[XML-SIG] SAX Namespaces
Fred L. Drake, Jr.
fdrake@beopen.com
Thu, 6 Jul 2000 16:25:41 -0400 (EDT)
Paul Prescod writes:
> Agreed. I've always said that dictionary-based lookup is important and
> must be provided.
The unexpected part was that you'd *ever* want to iterate over a
list in "normal" applications! Unless the order of the attributes in
the source instance is important, I don't see why.
The more I think about it, the more I think a dict-like approach is
the only useful way.
> The question is not which mode should be available, but which should be
> default.
Agreed.
> I would have suggested you use a wrapper approach rather than forking
> the codebase!
Yes, and we'd have said "Have you ever waited for Grail?" Building
wrappers would have been really bad; Grail was never exactly a speed
demon. ;)
> But in the post-namespace world, it isn't clear what to index upon,
> because it depends on what the application is interested in.

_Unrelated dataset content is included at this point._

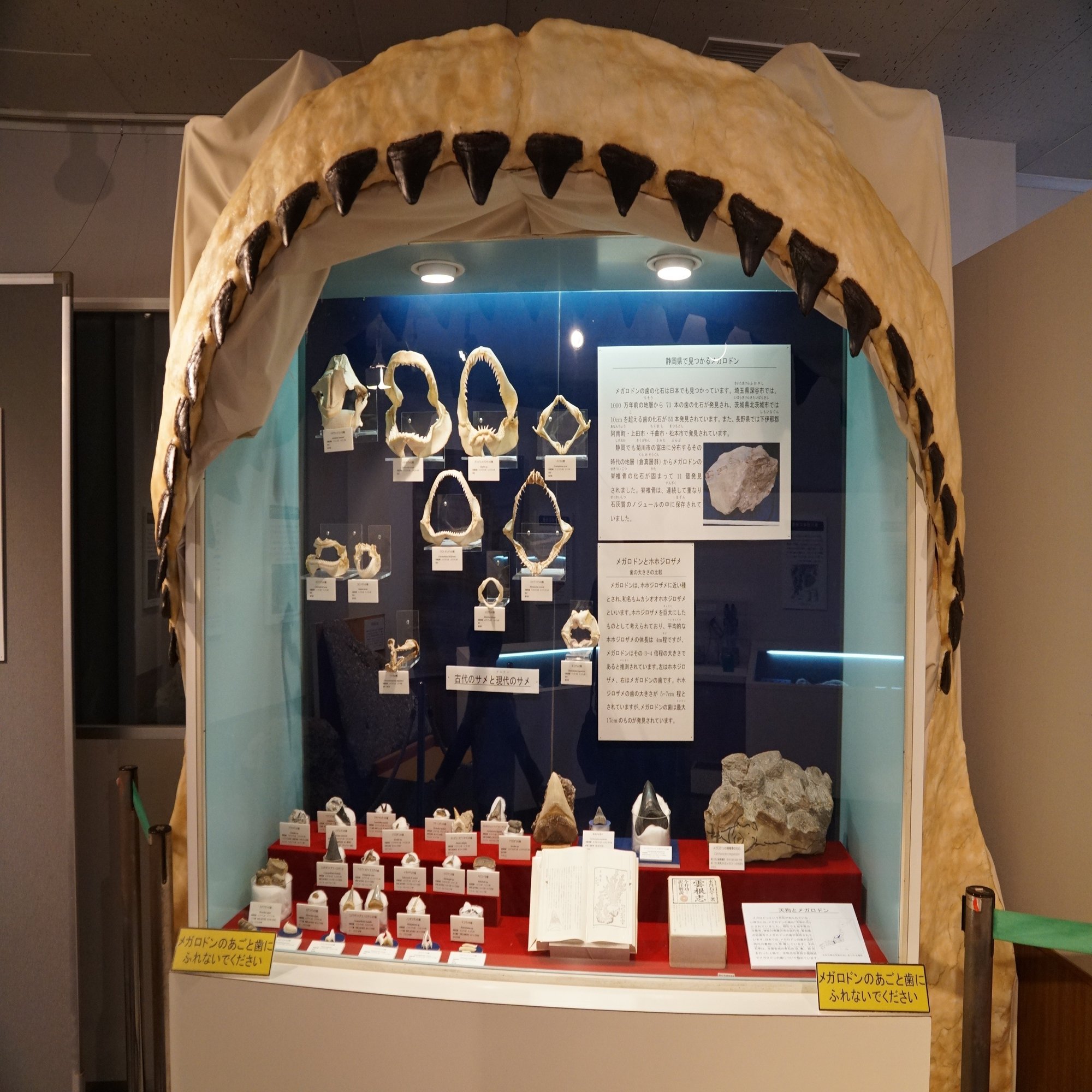 ああ、これは海の展示ですね。現生と化石の様々な軟骨魚類の歯の展示です。以前私が見学したより後にまとめられた展示です。

A lot will
> care about localname/URI pairs. A lot will care about rawnames. A few
> (e.g. search engines) may want lists of attributes with a particular
> namespace.
Understood; I'm not going to argue that the dictionary syntax is
particularly desirable, since there's no one key type that makes
sense; methods are fine for the interface to sets of attributes. (And
it's not that having sequence behavior is something I see as bad for
whatever that object is.)
I just think that the thing that handles all of this should be the
default.
I described the Grail experience:
> The usage pattern we observed in Grail was that we'd set up default
> values in locals, loop over the attributes list to set up locals, and
> then use the locals while doing whatever we needed to do. It was a
> real pain if we needed to branch on one attribute and then only use
[...]
And Paul said:
> I would encapsulate this behavior in the wrapper class. That's what I
> meant by "lazy indexing." You ask for one attribute and an internal
> dictionary "remembers" where it found it. You ask for another and it
> remembers where it found that. If you only ask by URN/localname pair
> then you don't incur the cost of indexing by qname and if you only ask
> by qname then you don't incur the cost of indexing by pair.

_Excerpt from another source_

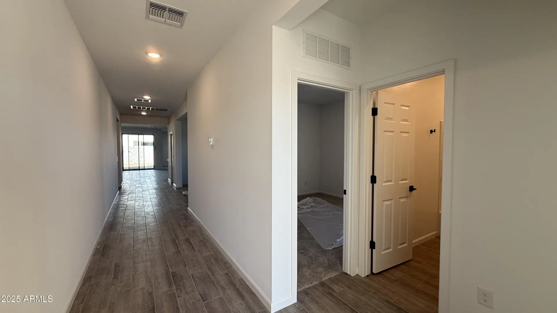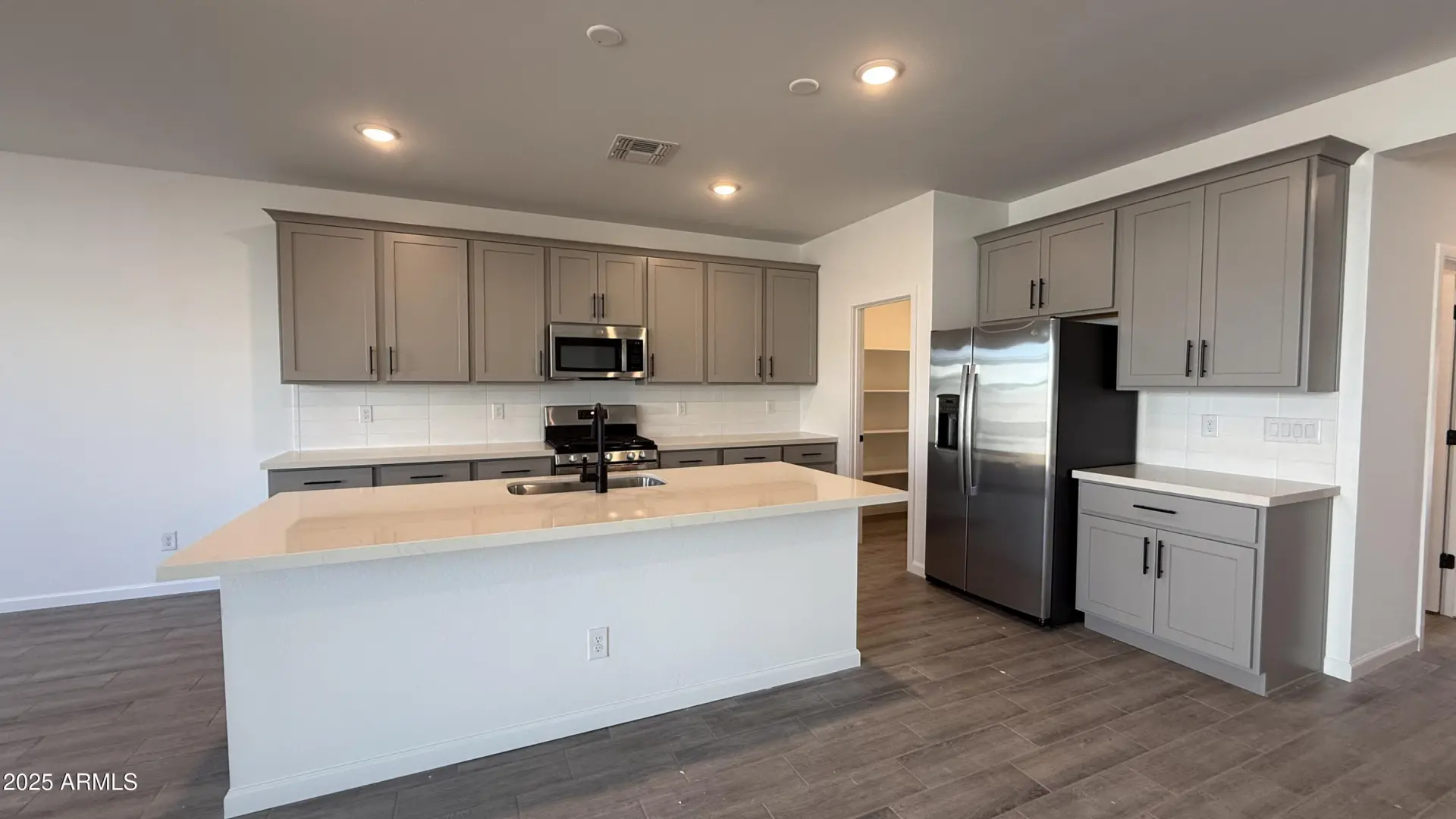 Welcome to your dream garage.. and home on a corner lot! The Ruby floor plan offers a super garage, a 4-car tandem with plenty of room for all your cars and hobbies. This brand-new construction showcases Spanish architecture and a 4-panel Center Sliding Glass Door from the Great Room to the Covered Patio! Step inside and enjoy the open-concept layout and 9'' ceilings. With 2,173 square feet of well-designed living space, this single-story offers 3 bedrooms, a large den, and 2.5 bathrooms. You'll love the 7 x 22 Lakewood Vista tile floors throughout the main living areas, offering elegance and easy maintenance. The kitchen is a show stopper with Crisp Stria Quartz countertops, a large island, Grey shaker cabinets, a 4 x 16 Golden Horizon backsplash, and a stainless steel gas range.

This makes a lot of sense. And it points out why we should have a
really efficient implementation of this; I can imagine a C
implementation that does all the work and maintains all the
appropriate caches, and the parser would use one of them, just like
the Java flavors. A copy() method would be used to make a copy of the
object as needed, and the parser could just call the clear() method at
the start of each start tag.
But I still think this should be the default type for the attributes
set.
> I haven't benchmarked this or any strategy. It depends on the
> application. If you find that attributes are slow in your application,
> you could benchmark and replace the AttributeList class with something
> that is more appropriate for it.
And if there's only one really good C implementation, everyone is
happy with what comes out of the box. It makes a nice "battery" to
include. ;)
> It depends on what you are trying to do. There are vast classes of
> applications that I would expect to use the AttributeList class. I'm
> just trying to allow applications to NOT use it if they don't want it.
Is the point of not using an efficiency issue?
> Here is one way of looking at it. Let's say that there are four popular
> APIs out there:
Ok:
SAX -- efficient version is sufficient
DOM -- all my DOM code requests attributes by name, so
lookup approach works; can be copied to a list on
demand, or the efficient C AttributeList can
provide this internally
Pyxie -- not sure
QP_xml -- exposes a dictionary interface, so something
dict-like should work nicely as long as the
interface & efficiency are right.
> dictionary-structure directly. And even some subset of the 25% may find
> that the dictionary is sub-optimal because it is indexed based on the
> wrong property or properties.
Again, I agree that this is an issue, and using a plain dict is not
the right solution. But methods that do name lookup make a lot of
sense, while a list interface doesn't.
I don't think we really radically disagree; we just need an
AttributeList implementation that meets the performance & sequence
criteria. Nothing that a little time & C code can't fix. ;)
Should I persue that possibility, or am I missing something really
substantial somewhere? (Probably several things, but... related to
this?)
-Fred
--
Fred L. Drake, Jr. <fdrake at beopen.com>
BeOpen PythonLabs Team Member